> _How to complete this task_
If a picture appears in the records, leave it out and transcribe the rest exactly.

(Collected data entries)
↓

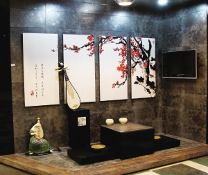 書法瓷磚對(duì)準(zhǔn)了人們懷舊古時(shí)文化的眼光,以隨性取勝,這種氣息更賦予了房間沉穩(wěn)、書香的氣度,甚至讓人錯(cuò)亂了對(duì)時(shí)空的認(rèn)知。唐朝詩人張旭的草書《古詩四帖》、《金剛經(jīng)》的段落、《大唐金甲》等都成為仿古瓷磚上的“表面文章”.除了不同字體的書法作品外,作為房屋裝修主力的瓷磚在學(xué)識(shí)上并不呆板單一,一首王安石的《梅花》詩旁配飾了一幅傲骨錚錚的梅花圖,詩句部分的瓷磚僅占梅花圖瓷磚大小的三分之一。而且墻磚上的文字不只局限于漢字,一段梵文的古經(jīng)被附于墻磚之上,盡管研究梵文的人不多,但對(duì)于偏“冷門”文字的上書表明了瓷磚文化的多元廣大。
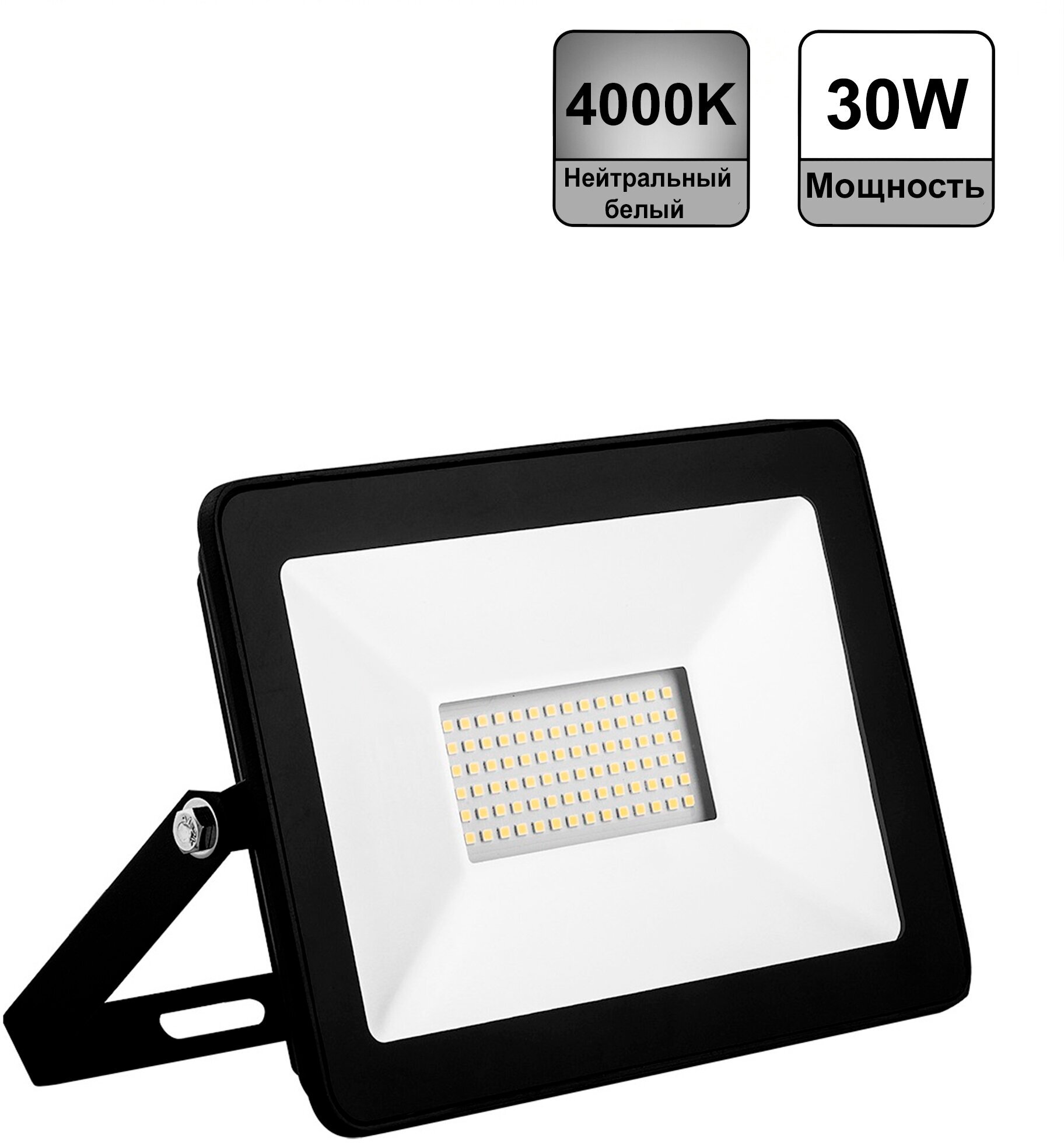 Прожектор светодиодный, 2835SMD, 30W 4000K AC220V/50Hz IP65, черный, 55076
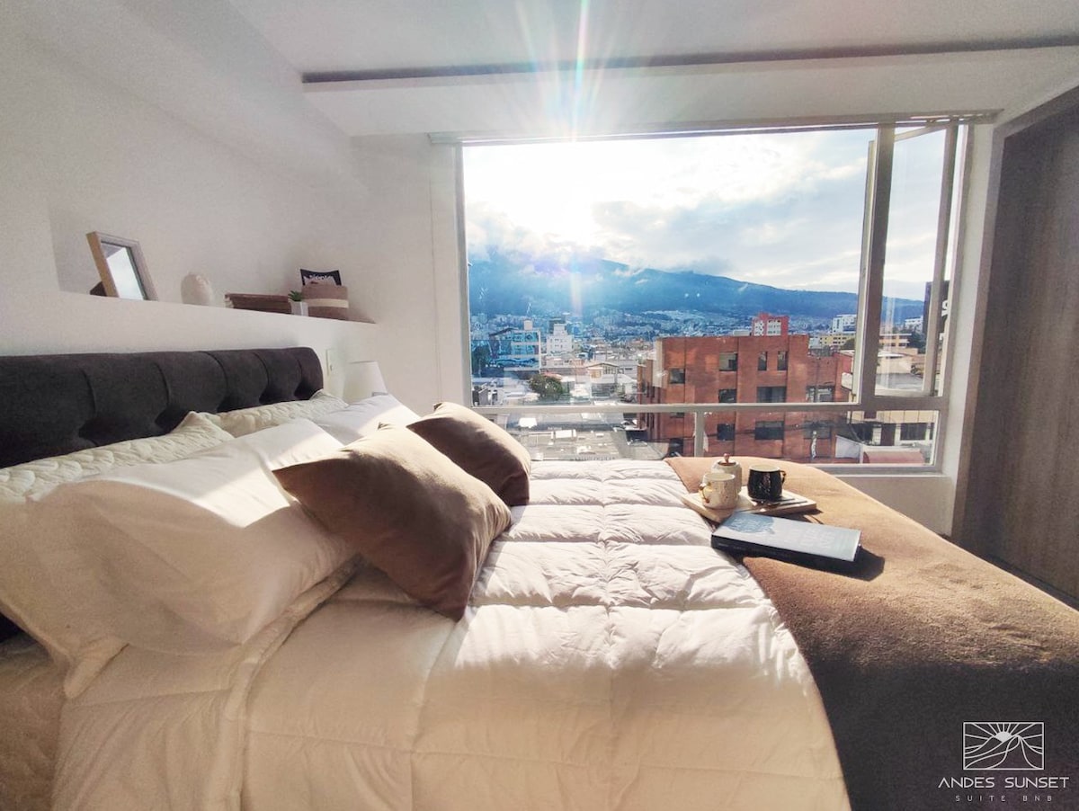 Experimenta una placentera estadía en nuestra hermosa suite, con una ubicación estratégica. Bienvenido a Andes Sunset Suite Bnb, un espacio diseñado para que tus estadías de negocios o vacaciones en la ciudad de Quito, en pleno corazón de los Andes, sea cómoda y acogedora. Tanto en la suite como en el edificio, encontrarás todas las comodidades necesarias para que te sientas como en casa; lo que nos convierte en la opción ideal tanto para familias pequeñas como para ejecutivos.
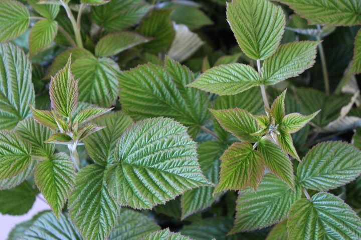 leafy branch of a raspberry plant
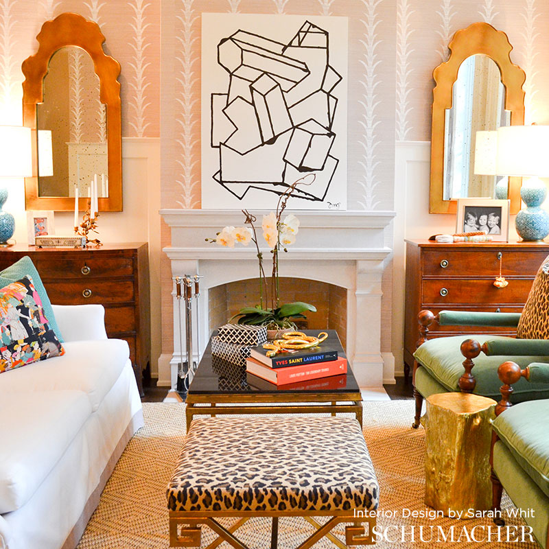 This pattern is a stylized stripe based on a classic acanthus motif. Elegant and airy, the design is printed on a sisal ground, giving it subtlety and dimension.
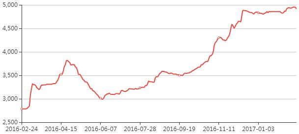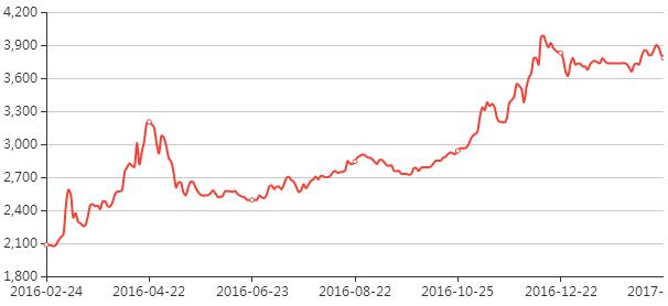 热轧钢年度走势图(2016年2月24日——2017年2月24日)
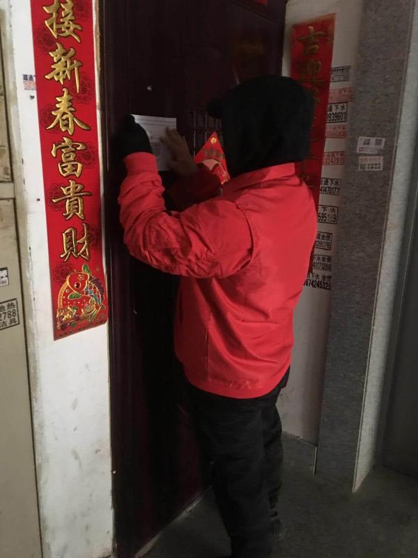 2017網絡工程專業方蕓和村內的黨員志愿者一起在村內進行宣傳和勸導
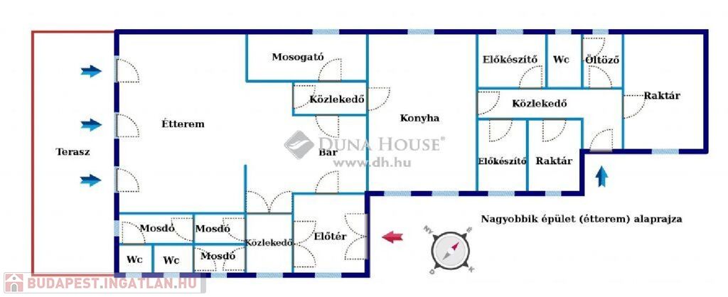 A nagyobbik felépítmény kb. 140m2-es, a házban korábban étterem üzemelt. Belső terei jelenleg ennek megfelelően vannak kialakítva, így akár újra megnyitható étteremként, de családi házzá, vagy akár két különnyíló lakássá is átalakítható. Az ingatlan belső állapotát tekintve felújításra szorul, azonban állékony, statikailag is remek állapotnak örvend. Külső homlokzata rendezett, teteje szép állapotú, modern, gázbeton cseréptető.
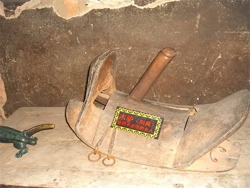 另外还有所不同是长木板中间有一个突起的圆木棍,圆木棍的长度短则10多厘米,长则30多厘米,其作用就是在执行刑罚过程插入女子下体的。
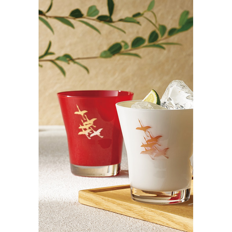 ログイン紀州漆器×ガラス 紅白のおめでたい「ぬり色」に千羽鶴をあしらいました。長寿のお祝いや贈り物、記念品にピッタリのアイテムです。

↑

> _Result for this exercise_
 書法瓷磚對(duì)準(zhǔn)了人們懷舊古時(shí)文化的眼光,以隨性取勝,這種氣息更賦予了房間沉穩(wěn)、書香的氣度,甚至讓人錯(cuò)亂了對(duì)時(shí)空的認(rèn)知。唐朝詩人張旭的草書《古詩四帖》、《金剛經(jīng)》的段落、《大唐金甲》等都成為仿古瓷磚上的“表面文章”.除了不同字體的書法作品外,作為房屋裝修主力的瓷磚在學(xué)識(shí)上并不呆板單一,一首王安石的《梅花》詩旁配飾了一幅傲骨錚錚的梅花圖,詩句部分的瓷磚僅占梅花圖瓷磚大小的三分之一。而且墻磚上的文字不只局限于漢字,一段梵文的古經(jīng)被附于墻磚之上,盡管研究梵文的人不多,但對(duì)于偏“冷門”文字的上書表明了瓷磚文化的多元廣大。
 Прожектор светодиодный, 2835SMD, 30W 4000K AC220V/50Hz IP65, черный, 55076
 Experimenta una placentera estadía en nuestra hermosa suite, con una ubicación estratégica. Bienvenido a Andes Sunset Suite Bnb, un espacio diseñado para que tus estadías de negocios o vacaciones en la ciudad de Quito, en pleno corazón de los Andes, sea cómoda y acogedora. Tanto en la suite como en el edificio, encontrarás todas las comodidades necesarias para que te sientas como en casa; lo que nos convierte en la opción ideal tanto para familias pequeñas como para ejecutivos.
 leafy branch of a raspberry plant
 This pattern is a stylized stripe based on a classic acanthus motif. Elegant and airy, the design is printed on a sisal ground, giving it subtlety and dimension.
 热轧钢年度走势图(2016年2月24日——2017年2月24日)
 2017網絡工程專業方蕓和村內的黨員志愿者一起在村內進行宣傳和勸導
 A nagyobbik felépítmény kb. 140m2-es, a házban korábban étterem üzemelt. Belső terei jelenleg ennek megfelelően vannak kialakítva, így akár újra megnyitható étteremként, de családi házzá, vagy akár két különnyíló lakássá is átalakítható. Az ingatlan belső állapotát tekintve felújításra szorul, azonban állékony, statikailag is remek állapotnak örvend. Külső homlokzata rendezett, teteje szép állapotú, modern, gázbeton cseréptető.
 另外还有所不同是长木板中间有一个突起的圆木棍,圆木棍的长度短则10多厘米,长则30多厘米,其作用就是在执行刑罚过程插入女子下体的。
 ログイン紀州漆器×ガラス 紅白のおめでたい「ぬり色」に千羽鶴をあしらいました。長寿のお祝いや贈り物、記念品にピッタリのアイテムです。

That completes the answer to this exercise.